Assalamualaikum, semua. Mungkin, untuk seterusnya menyapa kalian akan ada di awal part setiap publish. Tapi, gatau kalau niat baik ini berubah. Terkadang, suka buru-buru update dan lupa memberikan sapaan pada kalian. Yang padahal, udah nunggu cerita ini update meski Ar jarang banget bisa cepet update. Harus mempertimbangkan kalau esok harinya ada tugas atau gak, ada pekerjaan rumah yang udah selesai atau belum, dan yang paling utama adalah, membangun feel biar cerita ini tetap asyik dan layak kalian tunggu. Percayalah, setiap publish cerita, Ar ingin cerita ini memberikan manfaat bagi siapapun yang membacanya, dan juga memberikan motivasi untuk kalian.

Satu lagi, minta doanya ya biar Ar cepat sembuh. Ya, biasa sih sakitnya, tapi gak biasanya Ar sakit sampai gak masuk sekolah. Udah dua hari ini, kerjaannya cuma tiduran aja. Tapi, saat baca komenan kalian yang nungguin Azzam update, semangatku langsung naik buat cepat sembuh, dan memutuskan untuk update meskipun chapternya gak banyak seperti biasanya.

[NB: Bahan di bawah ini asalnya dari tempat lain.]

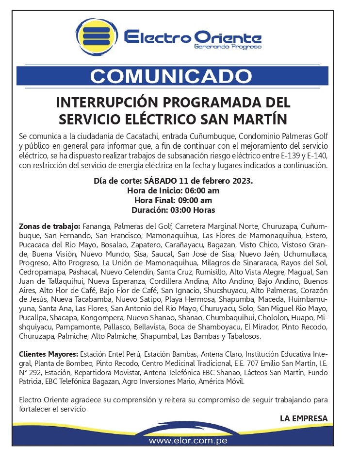 Electro Oriente: Comunicado
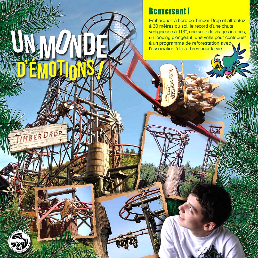 Dessin extrait de la brochure du Parc de Fraipertuis City, représentant l'attraction Timber Drop de ce parc des Vosges
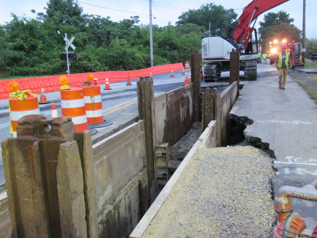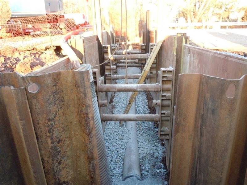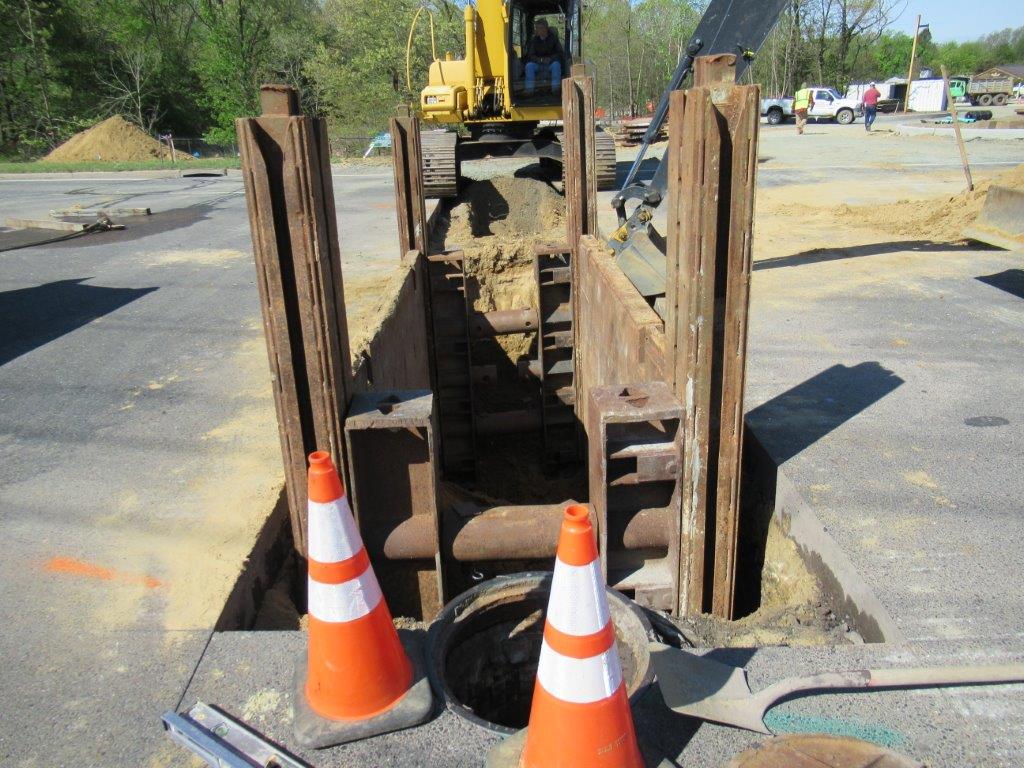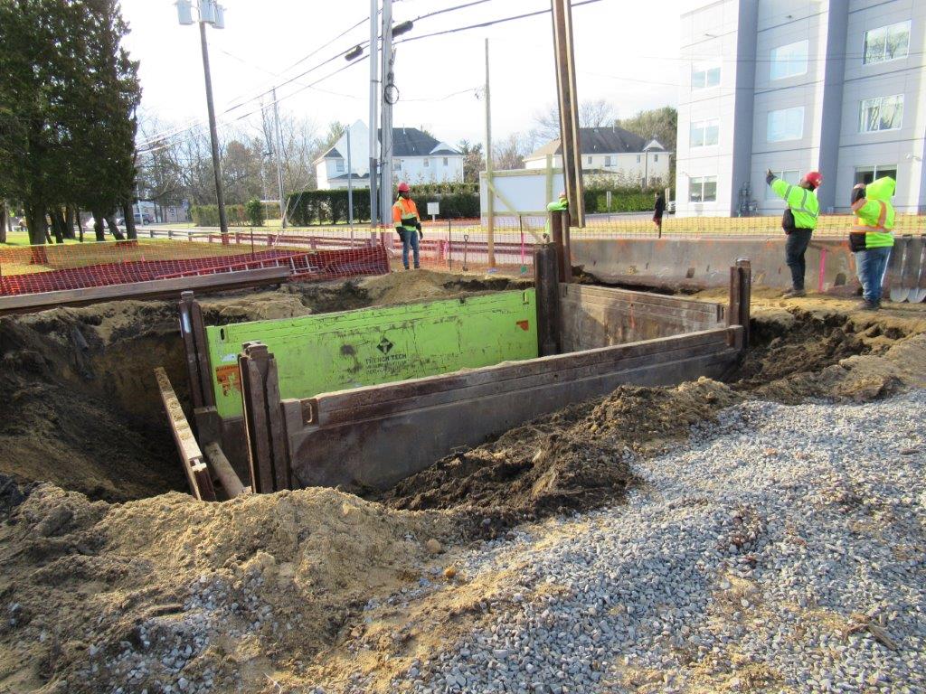 Start of a 41' long x 24' wide x 24' deep multi-bay slide rail system to replace a damaged sewer line that is causing a sink hole, and solidify the surrounding area that was compromised from the leak.West Point, PA
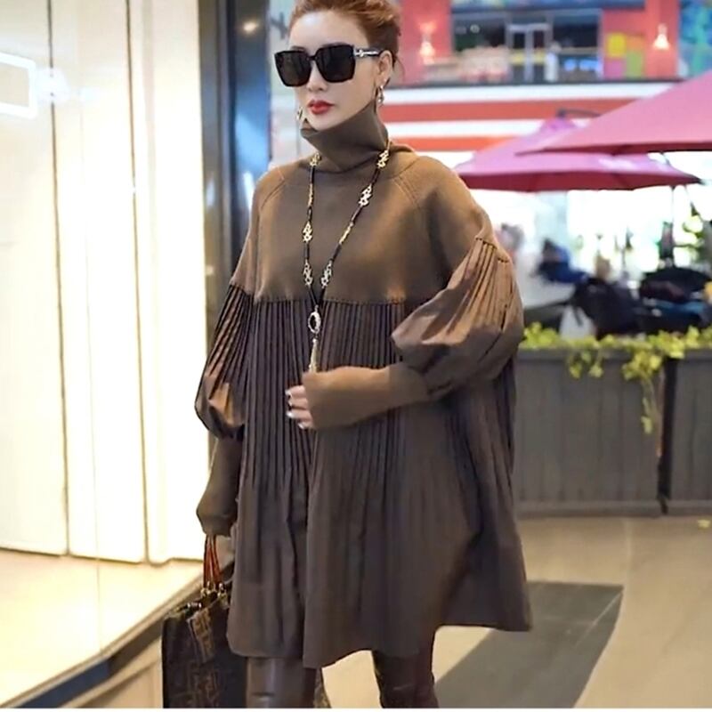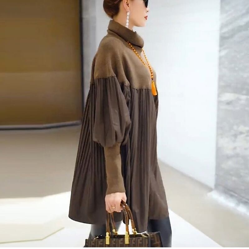 【 送料無料 】秋 冬 タートルネック ランタンスリーブ 長袖 セーター ヴィンテージ ドレス シャツ ルーズ 大人女子 安い 大きいサイズワンピース 可愛い 大きいサイズワンピース 大きいサイズ 春 秋 冬 海外 通販 8l 7l 6l 5l 4l 3l M1265
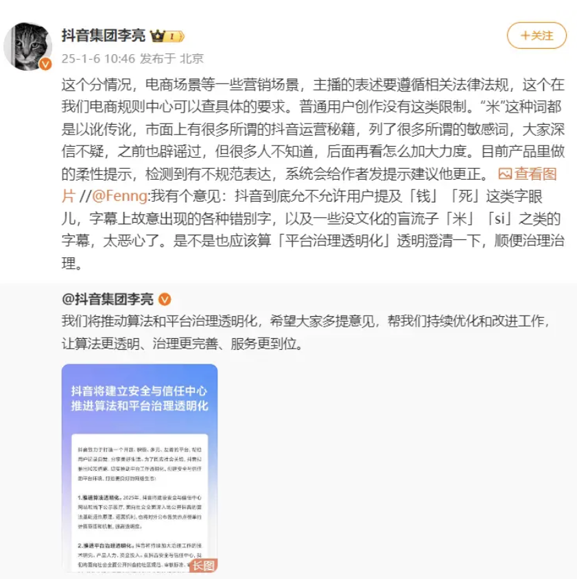 对此,李亮在个人社媒回应称:“这个分情况,电商场景等一些营销场景,主播的表述要遵循相关法律法规,这个在我们电商规则中心可以查具体的要求。普通用户创作没有这类限制。‘米’这种词都是以讹传讹,市面上有很多所谓的抖音运营秘籍,列了很多所谓的敏感词,大家深信不疑,之前也辟谣过,但很多人不知道,后面再看怎么加大力度。目前产品里做的柔性提示,检测到有不规范表达,系统会给作者发提示建议他更正。”

Syukran, yang ttp setia menunggu. Semoga kalian selalu dilindungi oleh Allah. Aamiin ☺☺☺

Ttp kasih voment yaa 💕 share juga biar banyak yang suka cerita SAUF. 😊

Selamat membaca.

🥋🥋🥋

ATTHAYA mondar-mandir di dalam kamarnya. Setelah melaksanakan shalat isya, ia memang memutuskan untuk langsung ke kamar. Dengan alibi ingin mengerjakan tugas dan butuh waktu istirahat lebih agar pemotretan besok ia tidak mengantuk. Papa dan Mamanya mengangguk, mengerti. Justru, sang Mama memeluknya dan menyuruh agar besok dia diantar saja oleh Pak Bimo, sopir pribadi keluarga Danang.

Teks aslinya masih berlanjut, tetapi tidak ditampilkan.